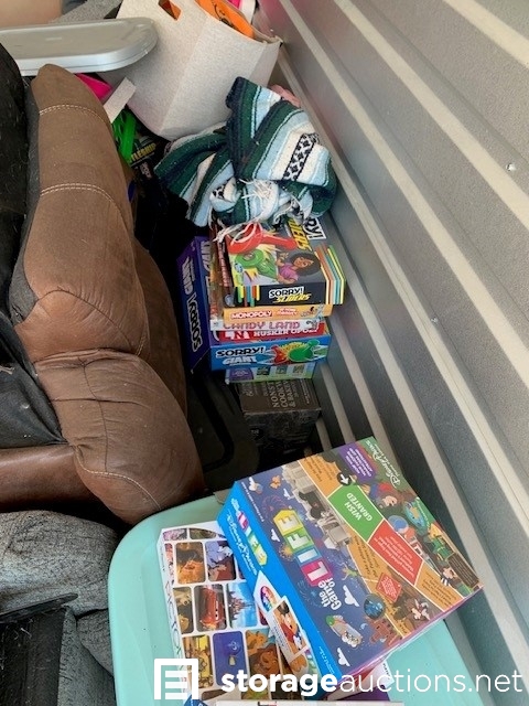 Leather reclyner, Grey reclyner, Boxes, Totes, Cooler, Board Games, blankets, fabric basket, Lamp, Plastic basket, hamper, fablic tote, suit case, christmas tree, portable tray, clothes
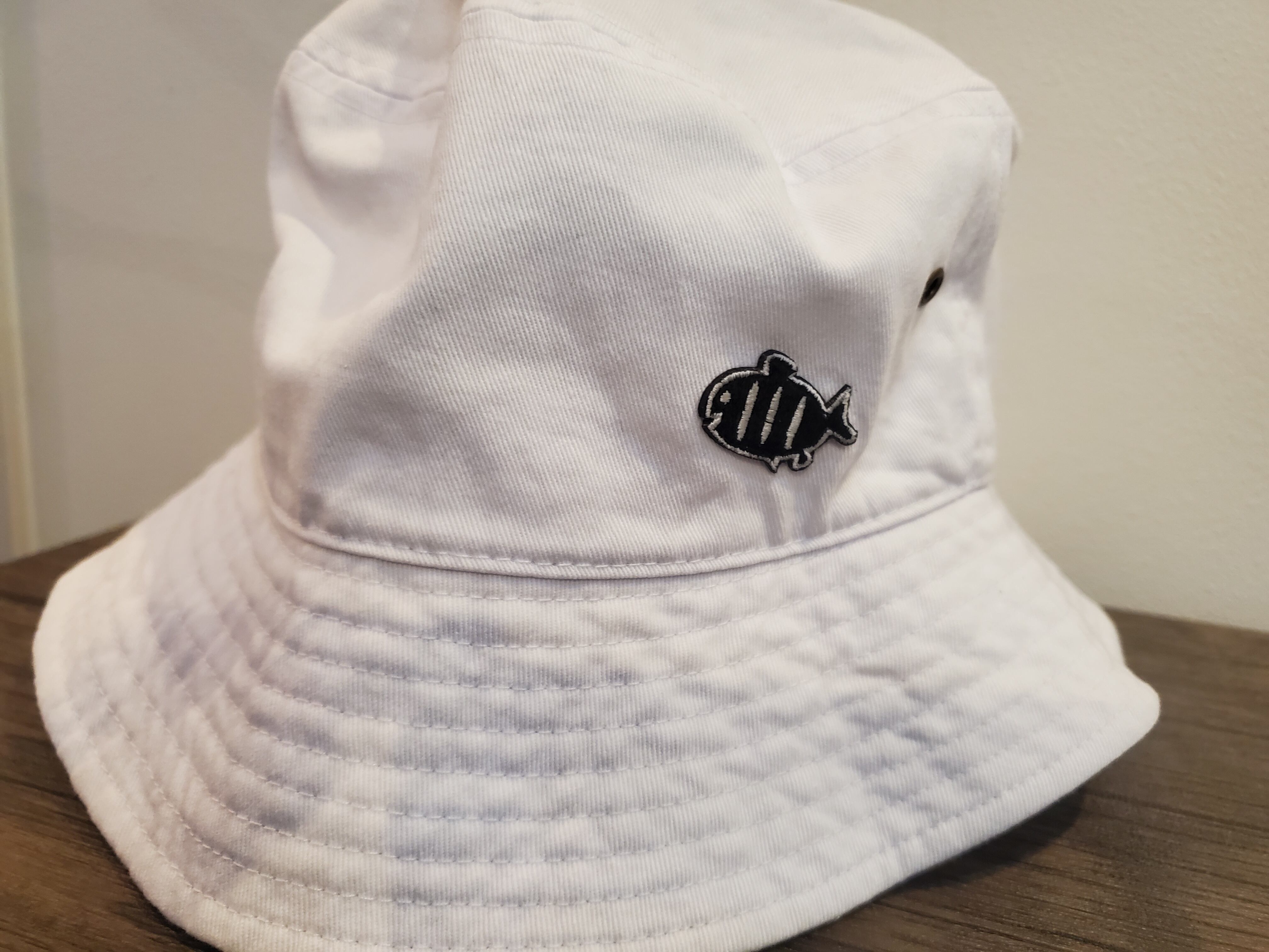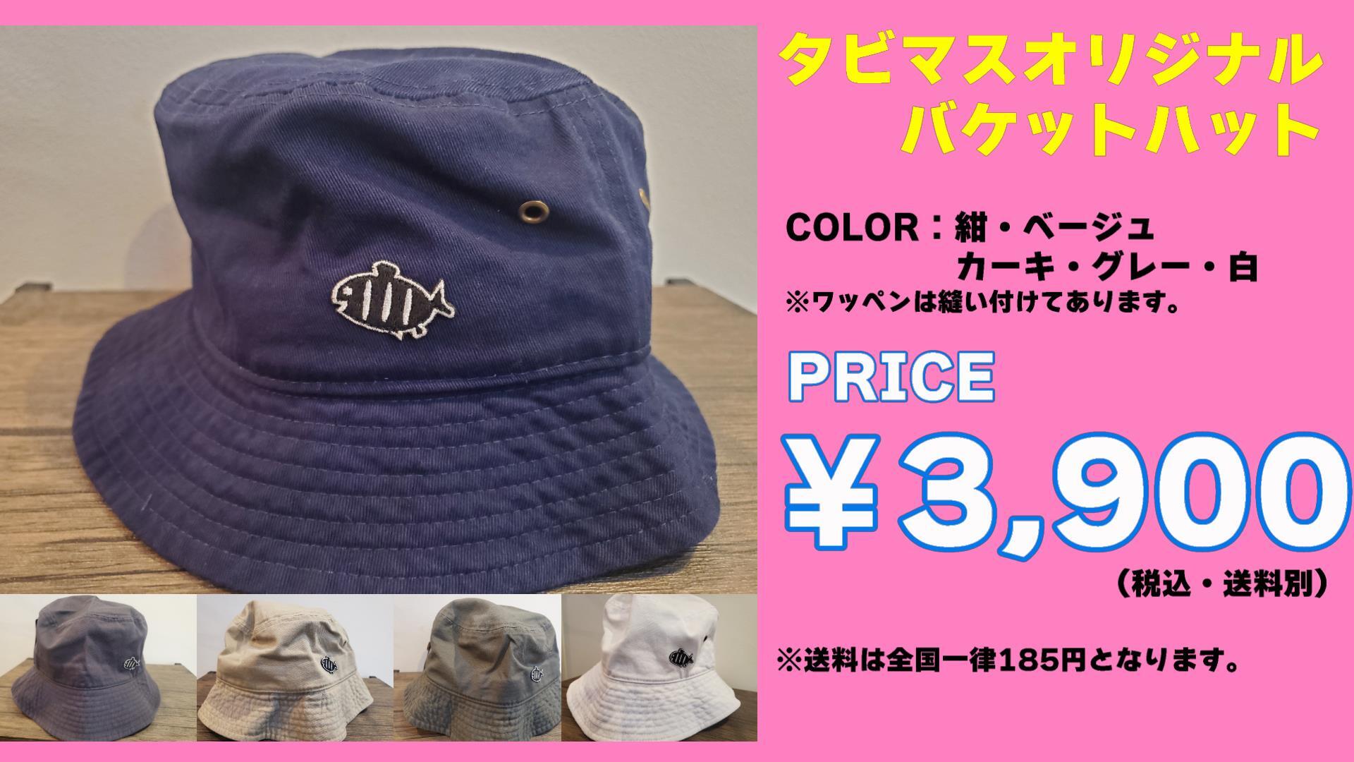 ウォッシュ素材のバケットハットにタビマスワッペンを縫い付けたバケットハットです。
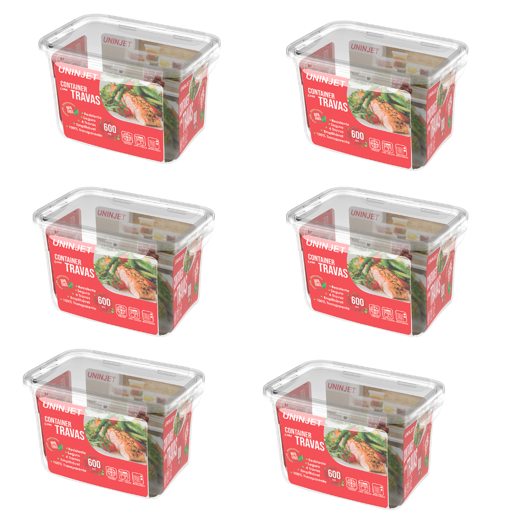 Kit 6 Potes para Marmitas Fitness 600ml Freezer e Micro-ondas com Tampas e Travas
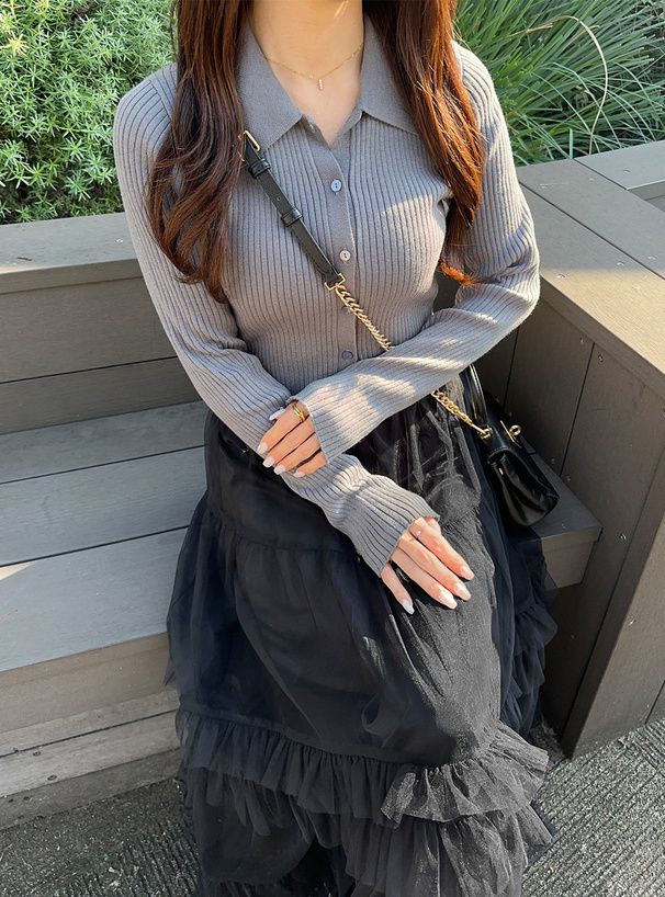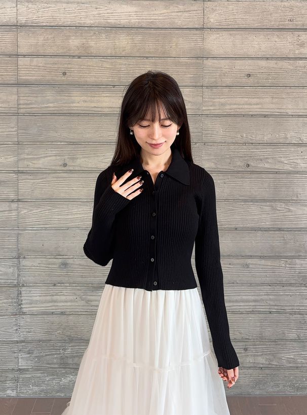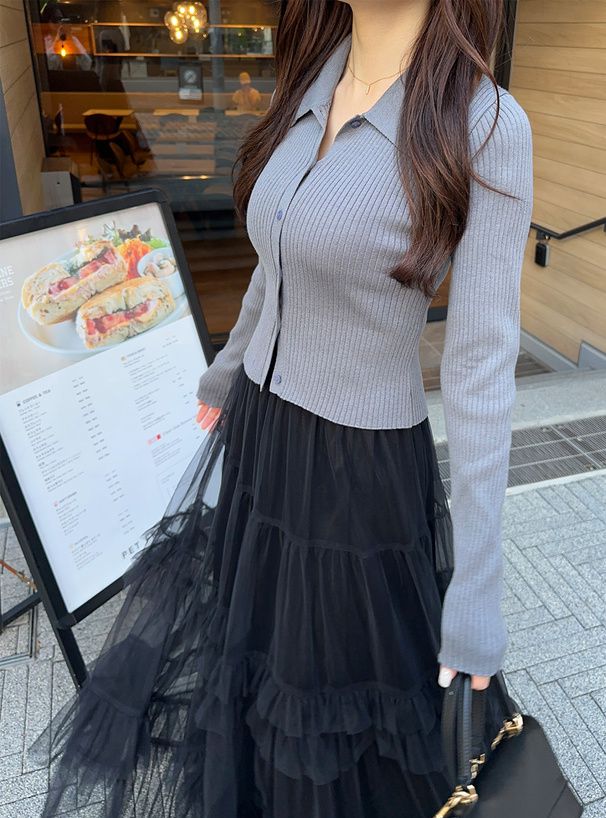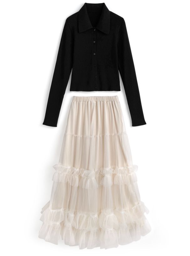 • 品名:羅紋針織開襟上衣+蓬蓬紗裙(2件式套裝)
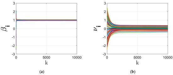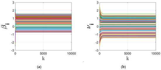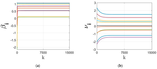 Figure 6. This figure shows the time evolution of the regressor parameters under Case (iv). - Next, to strengthen the generalizability of the results, we redo the simulations for large-scale example with data points and a network of agents each having access to of the (randomly chosen) data points. The large dataset is shown in Figure 7. We redo the simulation on local regression with the objective function (6)–(7) over an ER random network with linking probability. For this simulation, we set different values for step size as and gradient tracking rate as . Note that large step sizes, although they may lead to faster convergence, may result in larger optimality gap of the signum-based dynamics. In case of very large step size the solution may diverge. We compare the optimality gap under four different signum-based models based on (18)–(19) as,

::::::::::

The output should be the lines from the one with "ウォッシュ素材のバケットハッ" through the end of the material above, both ends included, printed exactly and nothing else. Drop the pictures.

 ウォッシュ素材のバケットハットにタビマスワッペンを縫い付けたバケットハットです。
 Kit 6 Potes para Marmitas Fitness 600ml Freezer e Micro-ondas com Tampas e Travas
 • 品名:羅紋針織開襟上衣+蓬蓬紗裙(2件式套裝)
 Figure 6. This figure shows the time evolution of the regressor parameters under Case (iv). - Next, to strengthen the generalizability of the results, we redo the simulations for large-scale example with data points and a network of agents each having access to of the (randomly chosen) data points. The large dataset is shown in Figure 7. We redo the simulation on local regression with the objective function (6)–(7) over an ER random network with linking probability. For this simulation, we set different values for step size as and gradient tracking rate as . Note that large step sizes, although they may lead to faster convergence, may result in larger optimality gap of the signum-based dynamics. In case of very large step size the solution may diverge. We compare the optimality gap under four different signum-based models based on (18)–(19) as,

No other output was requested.